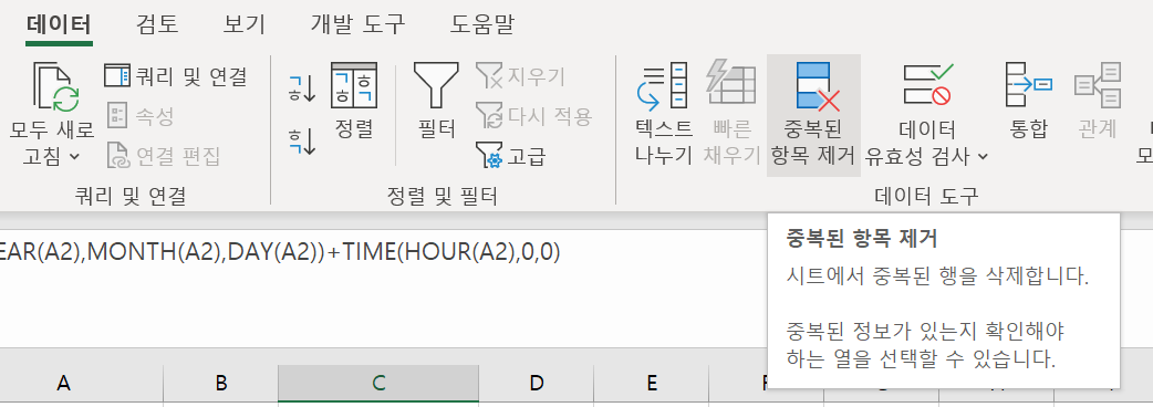 선택 영역 확장하지 않고 그대로 중복 제거하면 다음과 같은 데이터만 남게된다.
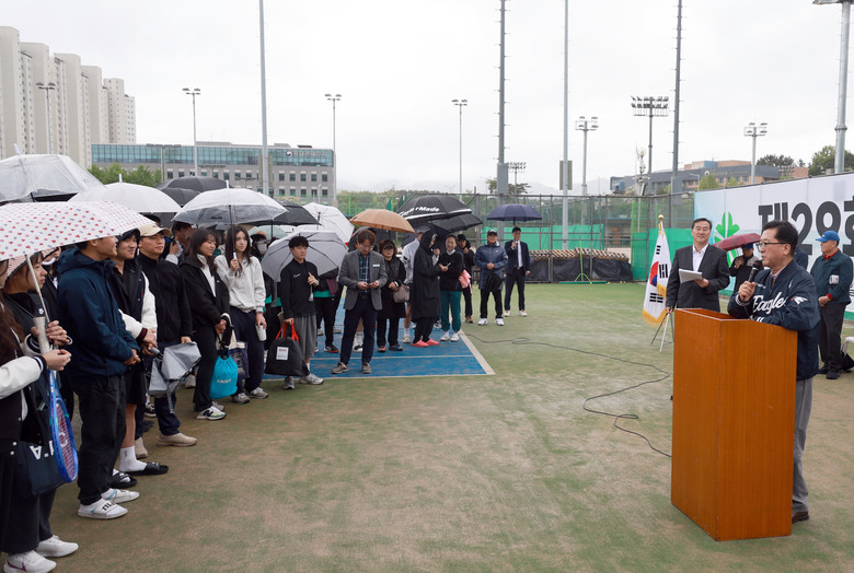 이날 개회식에는 지역을 대표하는 단체·기관장, 선수 및 대회 관계자 등 350여 명이 참석한 가운데 대전시테니스협회장의 대회사를 시작으로 주요내빈 축사, 기념촬영 후 본격적인 대회가 진행됐다.
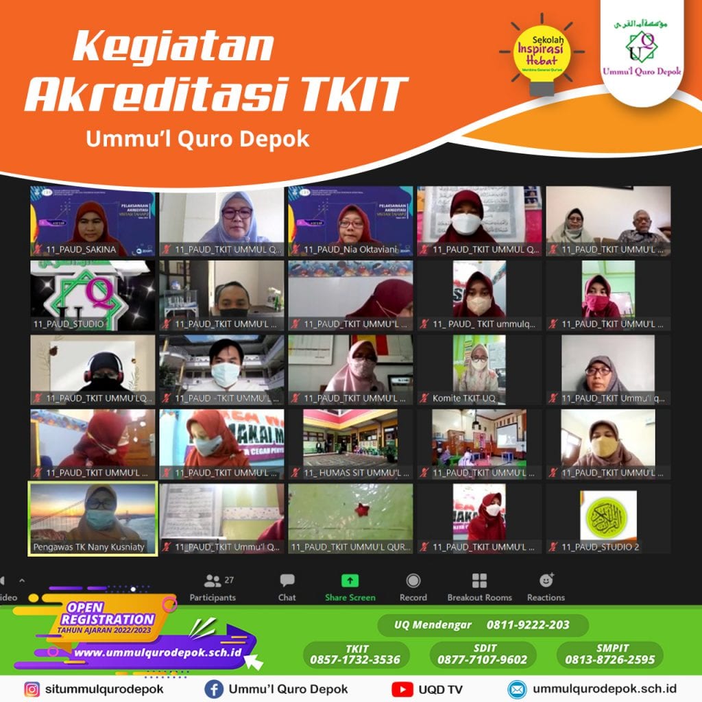 Senin,25 Oktober 2021. UQ News, Alhamdulillah telah dilaksanakan Akreditasi visitasi secara daring pada hari Jum’at, 22 Oktober 2021. Kegiatan ceremony dengan di hadiri oleh Dewan Pembina dan Dewan Pengurus Yayasan Ummu’l Quro Depok. Serta Pimpinan Harian serta seluruh kepala Bagian berjalan dengan lancar. Adapun Tim Asesor BAN PAUD Jawa Barat Yaitu, Ibu Sakina,S.Pd Ibu Nia […]
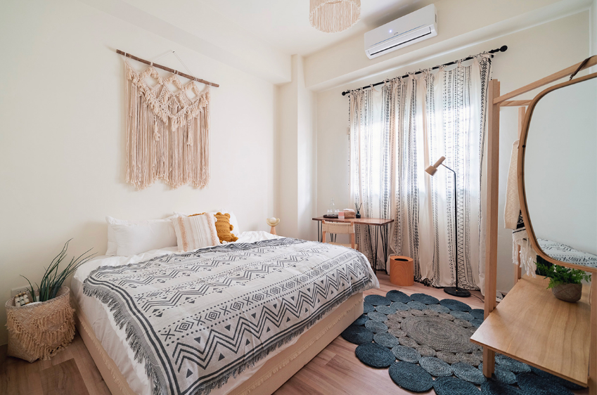 天花主灯、墙上工艺品、盖毯、地垫、窗帘、床头柜到储物篮,无一不透露着自然轻松感。
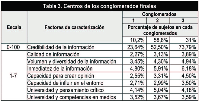 Para la identificación de los grupos de sujetos homogéneos se tomaron como variables activas las agregadas que resultan de la depuración de los ítems. El algoritmo K Medias, tras un proceso de siete iteraciones, emitió una solución final de tres conglomerados con unas puntuaciones medias en los principales factores de caracterización sensiblemente diferentes (Tabla 3).
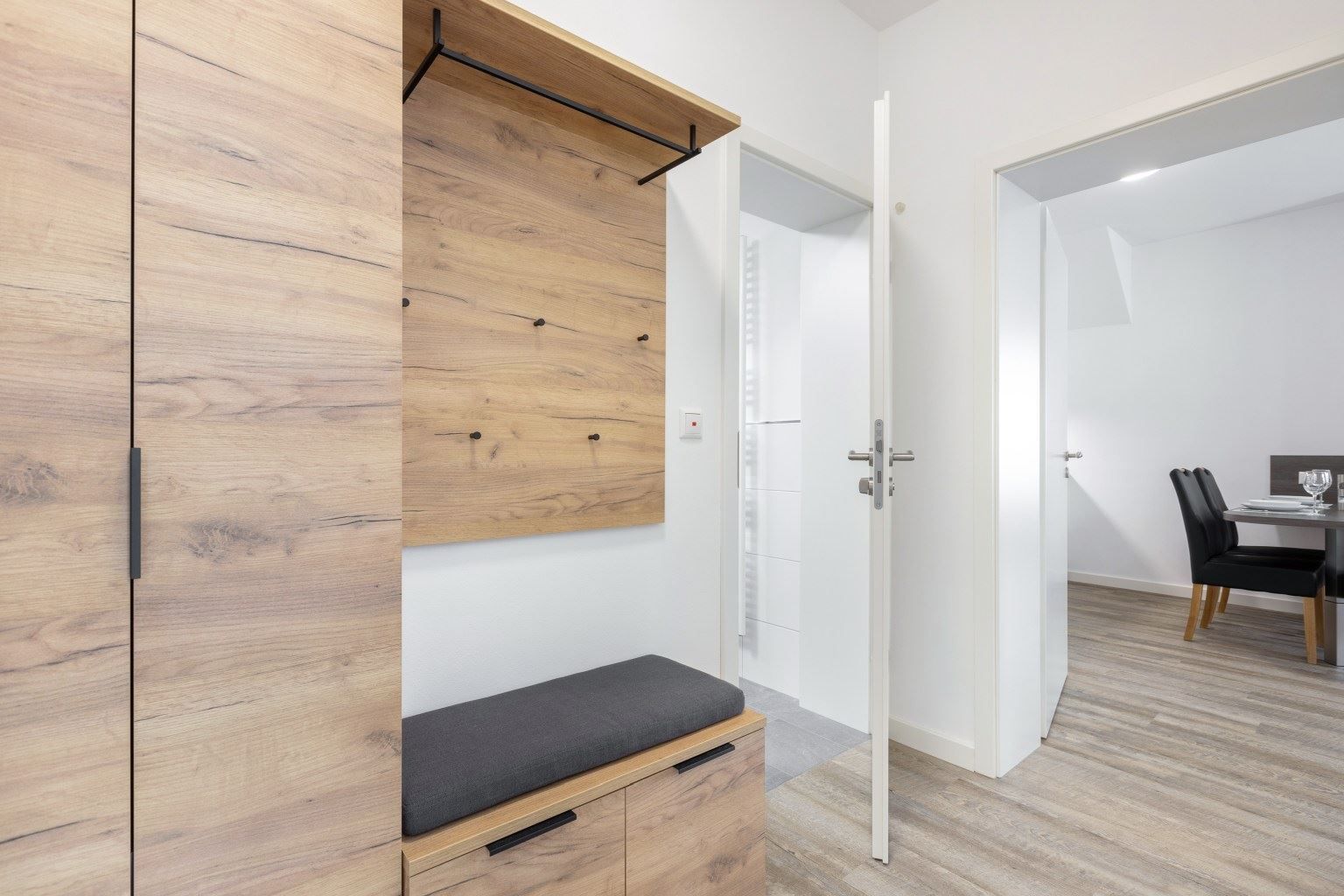 Flur mit Garderobe, Schuhbank und Haushaltsschrank im Eingangsbereich.
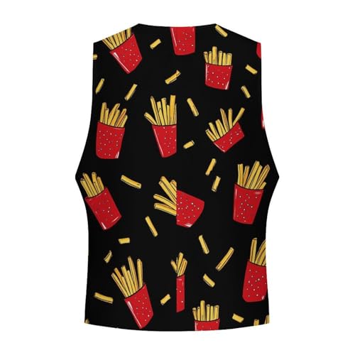 French Fries Men's Suit Vests Business Formal Dress Vest V-Neck Waistcoat for Wedding Casual 1
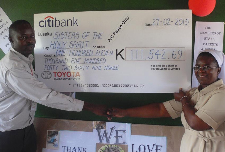 A cheque of $16,142 was presented to the school on 27th February 2015 towards the construction of a 1 x 3 classroom block, bringing the total spend by Toyota Zambia on this project to $29,113.
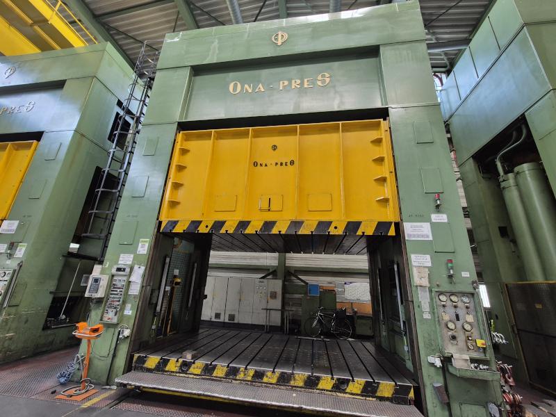 Pos. 244: 1 Tryoutpresse ONA-PRES EBd-100- 4.5-AB, Bj. 1992, Ser.-Nr. P-01126, Presskraft max. 1.000 t, Tischgröße 4.500 x 2.700 mm, Stößelhub 1.400 mm, Einbauhöhe 800 - 2.200 mm, Tisch Ziehkissen 60 - 250 t, Ziehkissenhub 300 mm, Stösselkissenhub 200 mm, Pressensteuerung, Zusatzsteuerung für Stössel, Schrankanlage 2-teilig mit Zubehör
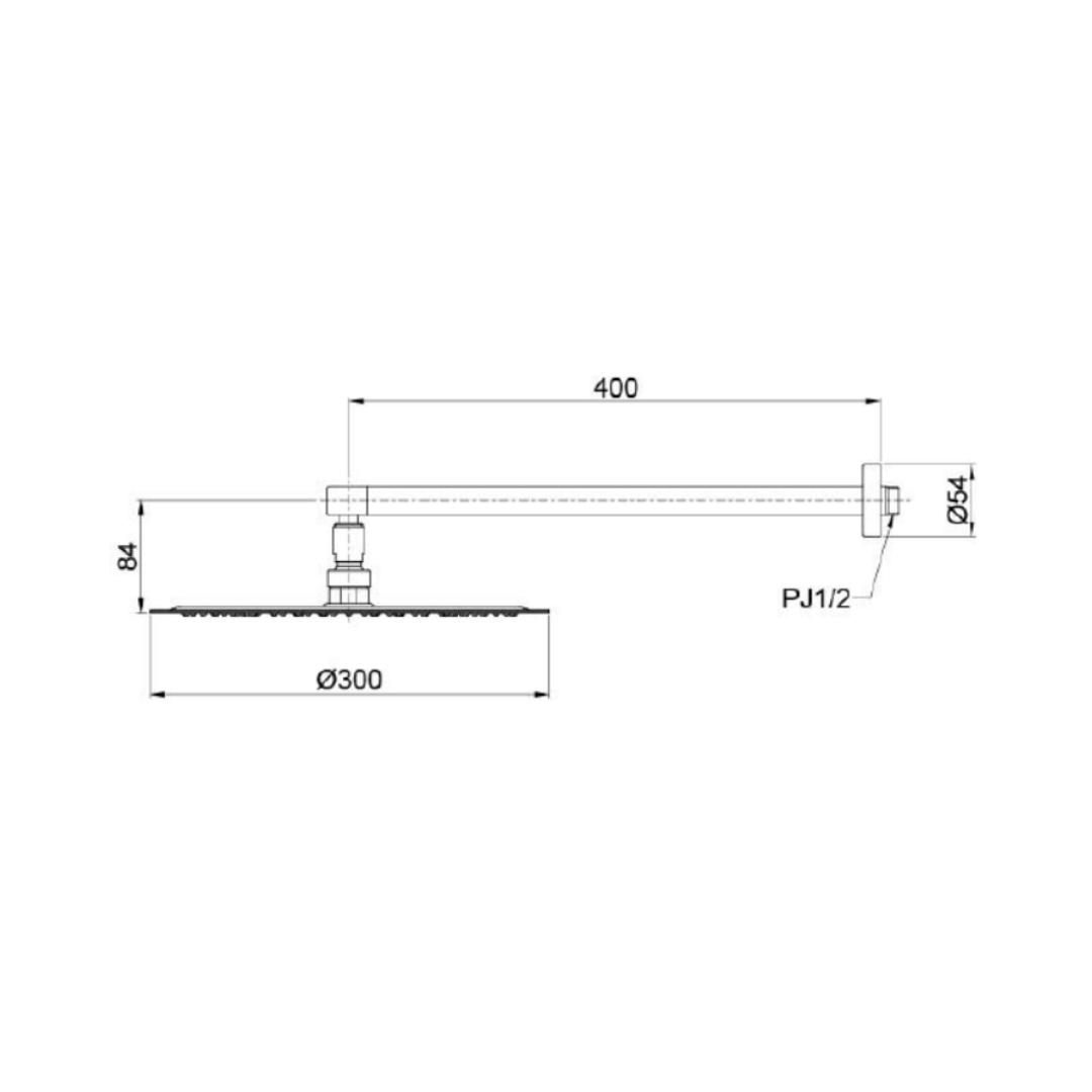 - Wall Mounted Shower Head With Shower Arm, 300mm, Round
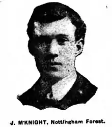 After scoring 23 goals in 23 games by March 1912, McKnight moved to Preston North End for a fee of £1,100, scoring his only two goals for the club in successive matches against Liverpool and Sheffield United . Following Preston's relegation, McKnight returned to Ireland in October 1912, helping Glentoran to win the title, before returning to England with Nottingham Forest in May 1913. This spell was not a success, with McKnight failing to score in 9 appearances, although he did score in the FA Cup against Clapton Orient.[1][2]
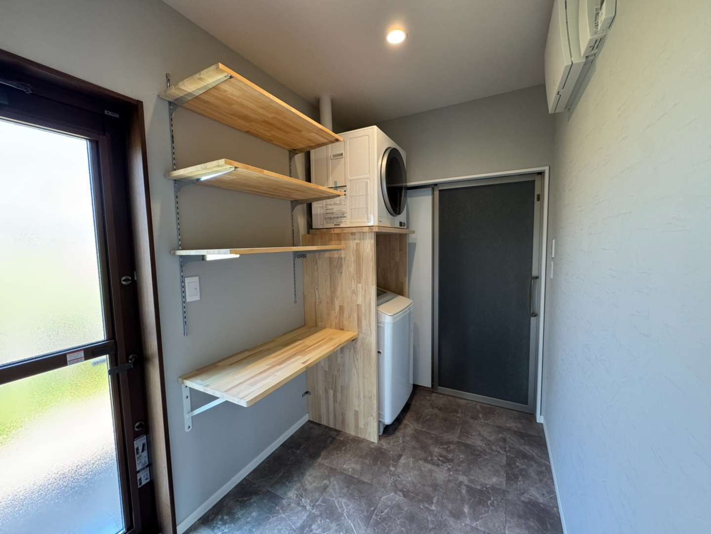 【提案・施工内容】 施主様との綿密な打ち合わせを重ね、ご家族のライフスタイルに寄り添った間取りをご提案いたしました。 LDKは南面に大きな窓を設け、光がたっぷりと差し込む、広々とした一体感のある空間を実現。リビング階段を採用し、家族が自然と顔を合わせる機会が増えるよう工夫しました。 家事動線については、キッチンからパントリー、洗面脱衣室、そしてそのまま外の物干しスペースへとつながる「回遊動線」を採用。日々の家事負担を軽減できるよう配慮いたしました。 収納面では、玄関のシューズクロークや各居室のクローゼットに加え、階段下なども有効活用し、充実した収納スペースを確保しました。
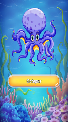 In this many different different sea animals. So see animal pic and you get animal name with voice. In this also easy to hard 30+ animal puzzles. So you need to play one by one and learning.
..........
WHAT THE TASK REQUIRES → Where a picture appears, omit it, and otherwise retype the material exactly.

EXERCISE RESPONSE →
 선택 영역 확장하지 않고 그대로 중복 제거하면 다음과 같은 데이터만 남게된다.
 이날 개회식에는 지역을 대표하는 단체·기관장, 선수 및 대회 관계자 등 350여 명이 참석한 가운데 대전시테니스협회장의 대회사를 시작으로 주요내빈 축사, 기념촬영 후 본격적인 대회가 진행됐다.
 Senin,25 Oktober 2021. UQ News, Alhamdulillah telah dilaksanakan Akreditasi visitasi secara daring pada hari Jum’at, 22 Oktober 2021. Kegiatan ceremony dengan di hadiri oleh Dewan Pembina dan Dewan Pengurus Yayasan Ummu’l Quro Depok. Serta Pimpinan Harian serta seluruh kepala Bagian berjalan dengan lancar. Adapun Tim Asesor BAN PAUD Jawa Barat Yaitu, Ibu Sakina,S.Pd Ibu Nia […]
 天花主灯、墙上工艺品、盖毯、地垫、窗帘、床头柜到储物篮,无一不透露着自然轻松感。
 Para la identificación de los grupos de sujetos homogéneos se tomaron como variables activas las agregadas que resultan de la depuración de los ítems. El algoritmo K Medias, tras un proceso de siete iteraciones, emitió una solución final de tres conglomerados con unas puntuaciones medias en los principales factores de caracterización sensiblemente diferentes (Tabla 3).
 Flur mit Garderobe, Schuhbank und Haushaltsschrank im Eingangsbereich.
 French Fries Men's Suit Vests Business Formal Dress Vest V-Neck Waistcoat for Wedding Casual 1
 A cheque of $16,142 was presented to the school on 27th February 2015 towards the construction of a 1 x 3 classroom block, bringing the total spend by Toyota Zambia on this project to $29,113.
 Pos. 244: 1 Tryoutpresse ONA-PRES EBd-100- 4.5-AB, Bj. 1992, Ser.-Nr. P-01126, Presskraft max. 1.000 t, Tischgröße 4.500 x 2.700 mm, Stößelhub 1.400 mm, Einbauhöhe 800 - 2.200 mm, Tisch Ziehkissen 60 - 250 t, Ziehkissenhub 300 mm, Stösselkissenhub 200 mm, Pressensteuerung, Zusatzsteuerung für Stössel, Schrankanlage 2-teilig mit Zubehör
 - Wall Mounted Shower Head With Shower Arm, 300mm, Round
 After scoring 23 goals in 23 games by March 1912, McKnight moved to Preston North End for a fee of £1,100, scoring his only two goals for the club in successive matches against Liverpool and Sheffield United . Following Preston's relegation, McKnight returned to Ireland in October 1912, helping Glentoran to win the title, before returning to England with Nottingham Forest in May 1913. This spell was not a success, with McKnight failing to score in 9 appearances, although he did score in the FA Cup against Clapton Orient.[1][2]
 【提案・施工内容】 施主様との綿密な打ち合わせを重ね、ご家族のライフスタイルに寄り添った間取りをご提案いたしました。 LDKは南面に大きな窓を設け、光がたっぷりと差し込む、広々とした一体感のある空間を実現。リビング階段を採用し、家族が自然と顔を合わせる機会が増えるよう工夫しました。 家事動線については、キッチンからパントリー、洗面脱衣室、そしてそのまま外の物干しスペースへとつながる「回遊動線」を採用。日々の家事負担を軽減できるよう配慮いたしました。 収納面では、玄関のシューズクロークや各居室のクローゼットに加え、階段下なども有効活用し、充実した収納スペースを確保しました。
 In this many different different sea animals. So see animal pic and you get animal name with voice. In this also easy to hard 30+ animal puzzles. So you need to play one by one and learning.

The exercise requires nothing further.